▶ _TASK INSTRUCTIONS_
Where the line with "克日,,,,浙江省科技厅宣布" appears below, start writing out lines exactly, and finish with the line with "Δεύτερο | | | |", which is included; write out nothing else.

▶ _INFORMATION PROVIDED_
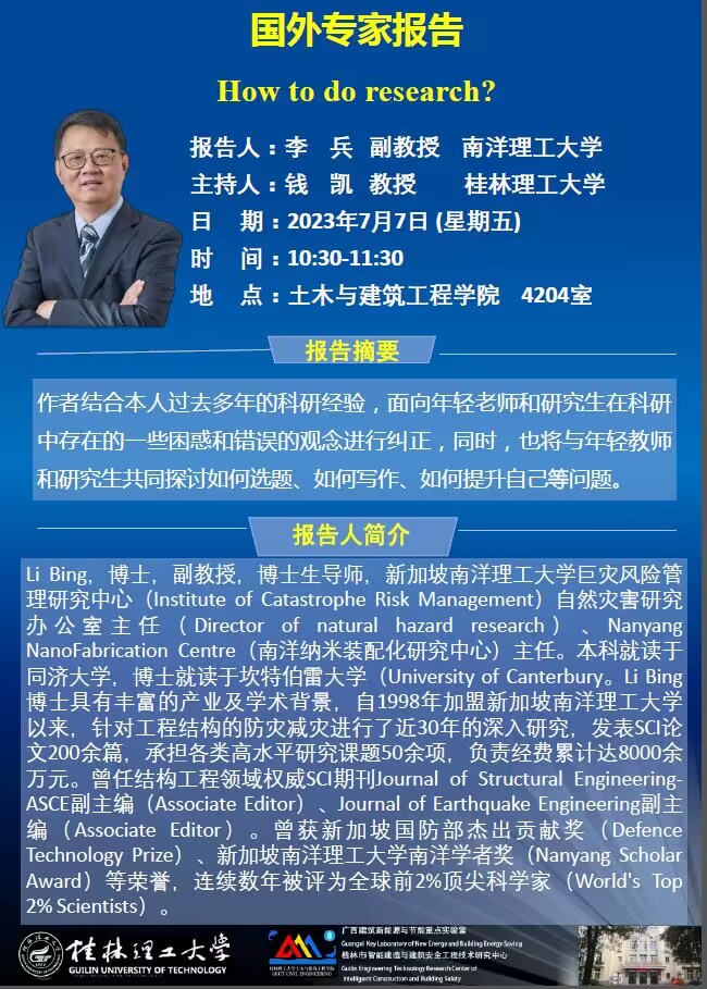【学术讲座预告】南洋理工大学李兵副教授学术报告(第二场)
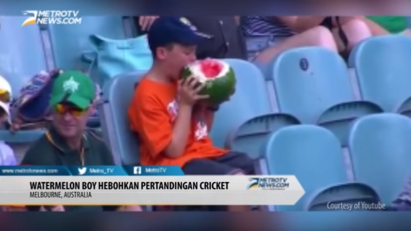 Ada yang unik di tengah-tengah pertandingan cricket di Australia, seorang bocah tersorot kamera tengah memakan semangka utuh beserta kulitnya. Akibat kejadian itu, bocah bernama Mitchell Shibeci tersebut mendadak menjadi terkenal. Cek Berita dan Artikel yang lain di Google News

--

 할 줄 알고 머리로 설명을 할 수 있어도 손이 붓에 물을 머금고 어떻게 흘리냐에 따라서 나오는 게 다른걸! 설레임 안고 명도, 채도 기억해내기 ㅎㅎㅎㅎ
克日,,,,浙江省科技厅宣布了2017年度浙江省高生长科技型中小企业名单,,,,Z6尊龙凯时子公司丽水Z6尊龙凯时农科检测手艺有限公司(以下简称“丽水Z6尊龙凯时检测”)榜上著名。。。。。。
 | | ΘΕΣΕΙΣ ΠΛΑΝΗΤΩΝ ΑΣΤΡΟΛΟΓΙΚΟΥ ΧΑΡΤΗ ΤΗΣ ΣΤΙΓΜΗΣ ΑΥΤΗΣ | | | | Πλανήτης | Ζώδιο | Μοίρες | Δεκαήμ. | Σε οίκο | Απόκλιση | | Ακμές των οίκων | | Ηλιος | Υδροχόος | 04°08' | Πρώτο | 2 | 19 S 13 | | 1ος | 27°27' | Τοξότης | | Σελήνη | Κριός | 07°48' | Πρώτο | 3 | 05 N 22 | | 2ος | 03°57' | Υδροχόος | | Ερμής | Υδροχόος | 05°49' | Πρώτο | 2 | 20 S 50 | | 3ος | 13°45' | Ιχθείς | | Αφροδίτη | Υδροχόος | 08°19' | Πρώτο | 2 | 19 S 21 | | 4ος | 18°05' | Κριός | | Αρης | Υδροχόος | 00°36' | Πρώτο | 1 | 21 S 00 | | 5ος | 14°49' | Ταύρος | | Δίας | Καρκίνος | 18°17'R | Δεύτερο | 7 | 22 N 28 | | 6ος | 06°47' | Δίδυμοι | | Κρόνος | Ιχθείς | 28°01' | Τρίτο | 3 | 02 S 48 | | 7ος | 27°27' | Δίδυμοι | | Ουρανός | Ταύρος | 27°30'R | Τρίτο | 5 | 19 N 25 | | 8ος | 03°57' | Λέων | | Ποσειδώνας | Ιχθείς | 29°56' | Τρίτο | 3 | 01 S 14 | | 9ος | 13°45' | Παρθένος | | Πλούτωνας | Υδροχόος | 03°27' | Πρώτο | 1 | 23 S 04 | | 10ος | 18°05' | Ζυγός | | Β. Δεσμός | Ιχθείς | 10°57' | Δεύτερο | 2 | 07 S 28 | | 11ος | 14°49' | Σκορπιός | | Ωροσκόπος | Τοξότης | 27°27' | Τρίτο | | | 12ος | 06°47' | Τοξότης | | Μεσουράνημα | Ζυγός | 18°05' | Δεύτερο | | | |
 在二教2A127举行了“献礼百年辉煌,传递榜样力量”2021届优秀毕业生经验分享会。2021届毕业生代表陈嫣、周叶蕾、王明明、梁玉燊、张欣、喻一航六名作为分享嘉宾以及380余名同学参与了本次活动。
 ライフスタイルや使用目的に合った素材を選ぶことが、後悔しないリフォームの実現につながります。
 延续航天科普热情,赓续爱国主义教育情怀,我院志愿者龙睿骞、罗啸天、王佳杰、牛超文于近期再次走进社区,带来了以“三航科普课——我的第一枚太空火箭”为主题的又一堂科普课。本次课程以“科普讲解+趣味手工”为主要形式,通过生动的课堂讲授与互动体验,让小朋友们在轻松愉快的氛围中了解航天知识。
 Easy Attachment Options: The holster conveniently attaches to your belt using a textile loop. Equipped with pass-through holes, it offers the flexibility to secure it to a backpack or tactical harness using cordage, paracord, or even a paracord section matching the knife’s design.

...

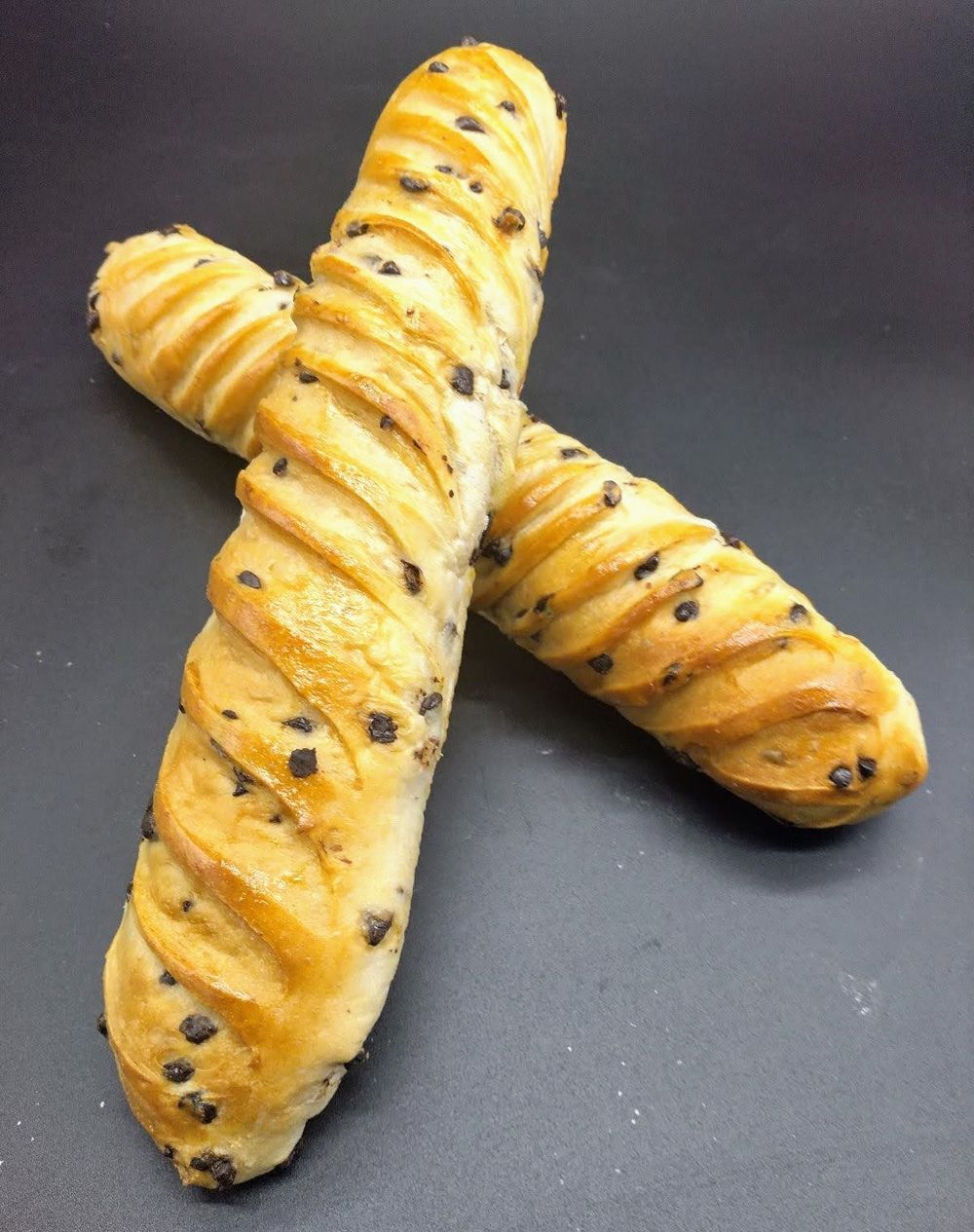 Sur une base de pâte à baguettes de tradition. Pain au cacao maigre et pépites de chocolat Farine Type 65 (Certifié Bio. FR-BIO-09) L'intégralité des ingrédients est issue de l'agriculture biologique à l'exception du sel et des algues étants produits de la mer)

▶ _ANSWER BOX_
克日,,,,浙江省科技厅宣布了2017年度浙江省高生长科技型中小企业名单,,,,Z6尊龙凯时子公司丽水Z6尊龙凯时农科检测手艺有限公司(以下简称“丽水Z6尊龙凯时检测”)榜上著名。。。。。。
 | | ΘΕΣΕΙΣ ΠΛΑΝΗΤΩΝ ΑΣΤΡΟΛΟΓΙΚΟΥ ΧΑΡΤΗ ΤΗΣ ΣΤΙΓΜΗΣ ΑΥΤΗΣ | | | | Πλανήτης | Ζώδιο | Μοίρες | Δεκαήμ. | Σε οίκο | Απόκλιση | | Ακμές των οίκων | | Ηλιος | Υδροχόος | 04°08' | Πρώτο | 2 | 19 S 13 | | 1ος | 27°27' | Τοξότης | | Σελήνη | Κριός | 07°48' | Πρώτο | 3 | 05 N 22 | | 2ος | 03°57' | Υδροχόος | | Ερμής | Υδροχόος | 05°49' | Πρώτο | 2 | 20 S 50 | | 3ος | 13°45' | Ιχθείς | | Αφροδίτη | Υδροχόος | 08°19' | Πρώτο | 2 | 19 S 21 | | 4ος | 18°05' | Κριός | | Αρης | Υδροχόος | 00°36' | Πρώτο | 1 | 21 S 00 | | 5ος | 14°49' | Ταύρος | | Δίας | Καρκίνος | 18°17'R | Δεύτερο | 7 | 22 N 28 | | 6ος | 06°47' | Δίδυμοι | | Κρόνος | Ιχθείς | 28°01' | Τρίτο | 3 | 02 S 48 | | 7ος | 27°27' | Δίδυμοι | | Ουρανός | Ταύρος | 27°30'R | Τρίτο | 5 | 19 N 25 | | 8ος | 03°57' | Λέων | | Ποσειδώνας | Ιχθείς | 29°56' | Τρίτο | 3 | 01 S 14 | | 9ος | 13°45' | Παρθένος | | Πλούτωνας | Υδροχόος | 03°27' | Πρώτο | 1 | 23 S 04 | | 10ος | 18°05' | Ζυγός | | Β. Δεσμός | Ιχθείς | 10°57' | Δεύτερο | 2 | 07 S 28 | | 11ος | 14°49' | Σκορπιός | | Ωροσκόπος | Τοξότης | 27°27' | Τρίτο | | | 12ος | 06°47' | Τοξότης | | Μεσουράνημα | Ζυγός | 18°05' | Δεύτερο | | | |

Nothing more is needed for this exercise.